‘Late Night With Seth Meyers,’ go to bed
He can be a funny guy but he comes up short as a talk show host
March 7, 2014
When Tom Hanks appeared on the second night of Conan O’Brien’s new TBS talk show, he looked around the generic set and said ironically, “You have taken the late-night chat-show format and blown it out of the water!”
But O’Brien had an excuse for moving his version of “The Tonight Show” intact to cable: If he changed anything, it could be seen as an admission that NBC was right in pushing him out.
Seth Meyers, who is basically starting from scratch as the new host of NBC’s “Late Night,” doesn’t have an excuse, but he’s brought nothing new to the gig. Although he has worked through his early stiffness, his performance in his monologues, interviews and comedy bits is average, and his personality and comic stance remain hard to grasp.
The show has chosen to forgo Meyers’ proven skill as a fake newsman without finding anything else that plays to his strengths. Though Meyers should be able to coast for a while on the lead-in audience from Jimmy Fallon’s “Tonight Show,” he’s going to have to come up with some reason for viewers to seek him out.
In his first episode, on Monday, Feb. 24 (or the morning of Tuesday, Feb. 25), Meyers looked like a beginner during the opening monologue. Staring straight ahead for much of it, he seemed to be reading off cue cards.

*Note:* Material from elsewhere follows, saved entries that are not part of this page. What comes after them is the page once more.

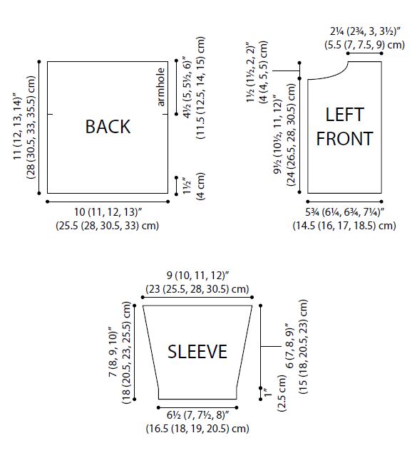 Finished Chest: 20 (22, 24, 26)” [51 (56, 61, 66) cm]
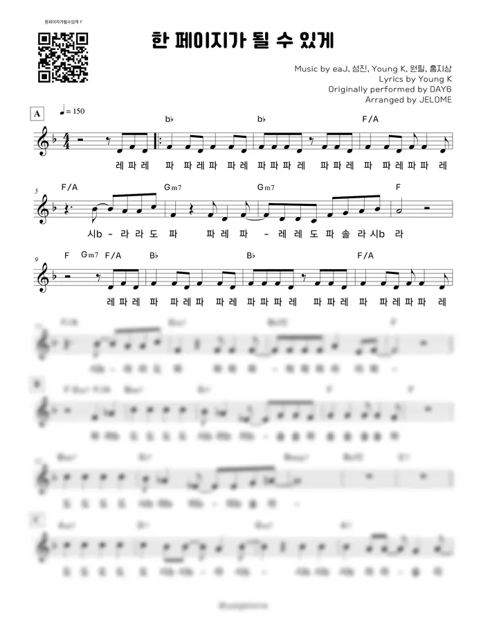 DAY6(데이식스) - 한 페이지가 될 수 있게 (F키 단선율) by 달코더쌤
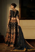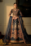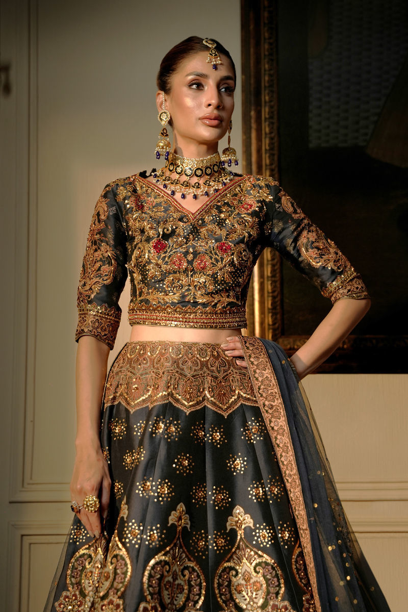 This outfit is a majestic, heavily embellished traditional bridal or formal attire with a royal aesthetic. A deep navy blue lehenga choli set featuring intricate embroidery and regal patterns. Choli blouse is deep V-neckline with structured shoulders elbow-length sleeves richly adorned with heavy handwork. Embroidery in vibrant tones of gold, copper, and maroon for a luxurious contrast. Lehenga is full-flared silhouette with ornate Mughal-inspired motifs in shimmering metallic threads embellished borders in gold for added grandeur. Dupatta is sheer navy net with delicate gold sequins scattered across and finished with an elaborately embroidered golden border, adding opulence to the overall look. A luxurious, heritage-inspired bridal outfit that radiates royal sophistication, perfect for weddings, receptions, or grand festive occasions.
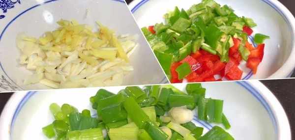 4:大蒜直接拍碎;生薑切成細絲;青紅辣椒切成小塊;小蔥切段備用。
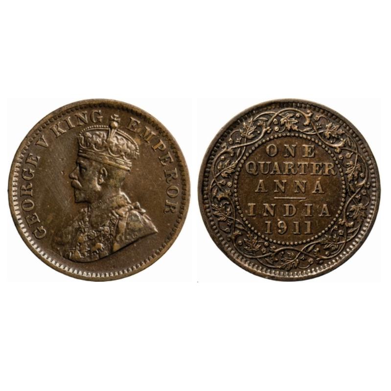 George V, Bronze, Quarter Anna, 1911, Calcutta Mint, No dot, Pig type, Ghost on Reverse. GK 1171.
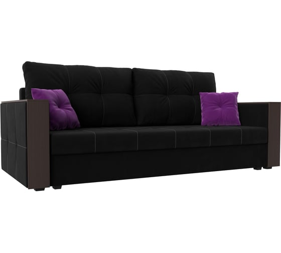 Прямой диван Лига диванов Валенсия Лайт полностью микровельвет черный, подушки микровельвет ФИО/черн 117226
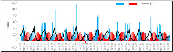 The precipitation, temperature, and evapotranspiration anomalies from 2002 to 2016.
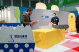 Die Mehrzahl der Bevölkerung in Deutschland verbindet Essen mit Genuss und hält Lebensmittel für sicher. In einigen Fällen können Verbraucherinnen und Verbraucher auch im Alltag dazu beitragen, dass Lebensmittel kein Gesundheitsrisiko werden. Honig, Tee, Kaffee, Eier, Toast oder Wurst können natürlich vorkommende, aber krankmachende Inhaltsstoffe oder Keime enthalten. Das BfR erklärt, wie man sich vor diesen Risiken durch den richtigen Umgang mit den verschiedenen Lebensmitteln schützen kann. Der BfR-Stand 101 auf dem Erlebnisbauernhof (Halle 3.2) der Internationalen Grünen Woche 2017 vom 20. bis 29. Januar 2017 in Berlin stellt einen gedeckten Frühstückstisch dar. Die Besucherinnen und Besucher bewegen sich zwischen mannshohen Frühstücksutensilien wie Toast, Butter, einer Müslischale und Kaffeekanne. Sie können sich über die Regeln der Lebensmittelhygiene informieren und ihr Wissen gleich am BfR-Fehlerkühlschrank testen, indem sie diesen richtig einsortieren. Darüber hinaus können sie an einem Quizrad drehen oder Pingpong auf dem überdimensionierten Butterstück spielen. Für alle, die ihr Erlebnis am BfR-Stand festhalten wollen, gibt es zwei Fotoboxen in Form einer Toastbrotscheibe und eines Eierbechers. Die Grüne Woche ist gleichzeitig der Auftakt für das 15. BfR-Jubiläumsjahr 2017, „Lebensmittel waren in der Geschichte noch nie so sicher wie heute. Seit seiner Gründung im November 2002 trägt das BfR erfolgreich dazu bei, Risiken zu erkennen und die Gesundheit der Verbraucher zu schützen“, so BfR-Präsident Professor Dr. Dr. Andreas Hensel.

This was in character when Meyers was anchoring the “Weekend Update” segments on “Saturday Night Live,” but it made him seem stiff and nervous doing standup.
By this week’s Tuesday and Wednesday night shows, however, Meyers had learned to look left and right and pretend to make eye contact with the studio audience. It was a great improvement.
Given Meyers’ years of experience working with topical material, it’s surprising that the jokes in the monologues aren’t more on-point. On Wednesday, noting that Steven Spielberg is considering making a remake of “West Side Story,” Meyers said that “the Spielberg version will feature actual sharks and actual jets.”
The comedy bits have been a mixed bag. In the first show, a routine using Venn diagrams largely misinterpreted what a Venn diagram is. On Tuesday, Meyers speculated about what famous people in photos were texting. Ben Affleck, for example, was writing to Christian Bale, “How do you do the Batman voice. Any chance he might be from Boston?”
On Wednesday, Meyers challenged one of his writers to detangle some headphones faster than Meyers could explain the current situation in Ukraine. After the writer lost, he said that Meyers had threatened to fire him if he won.
The celebrity interviews have been a mixed bag. On the first night, Meyers’ former “Update” co-anchor Amy Poehler was reliably delightful, and their banter was quick. Nonetheless, it didn’t sound that implausible when Meyers said, “We have faked chemistry so well over the years.”
Poehler brought out the best in the next guest, Vice President Joe Biden, who seems to have become her soul mate since his appearance on her sitcom “Parks and Recreation.”
On the other hand, Wednesday’s interview with Ice-T and his wife and reality-show co-star, Coco, was a long slog, unredeemed by the fact that Coco and Meyers’ wife attended the same Montessori school in Albuquerque, N.M.
A highlight of each show is Meyers’ brief chats with his bandleader, Fred Armisen, another former “SNL” colleague. Spontaneous if not wholly improvised, they let Armisen’s oddball personality shine. In one, he discussed his new History Channel show, which covers the history of the previous hour and airs whenever the channel tells him.
Those chats underscore two problems with Meyers as host. First, he is more skilled as a straight man than as a monologist. Many of his best moments on “SNL” came when he was the foil to one of the guest commentators on “Update,” like Bill Hader’s Stefon.
But more important is Meyers’ lack of a strong persona that we can identify and that he can use as a springboard for comedy. Whereas David Letterman is the grouchy neighbor, Jimmy Fallon is the eager-to-please little brother and Fred Armisen is the out-there colleague, Meyers is…the smart guy?
When he told an anecdote about his inability to handle a flat tire while on a weekend getaway with his wife, the story suffered because it’s hard to imagine him having a wife, or even having weekends.
A news anchorman, real or fake, can thrive for decades without projecting relatability and humanity. But if Meyers wants to be the last person a lot of people see before going to bed, he’s going to have to find a way to tell us who he is and why we should like him.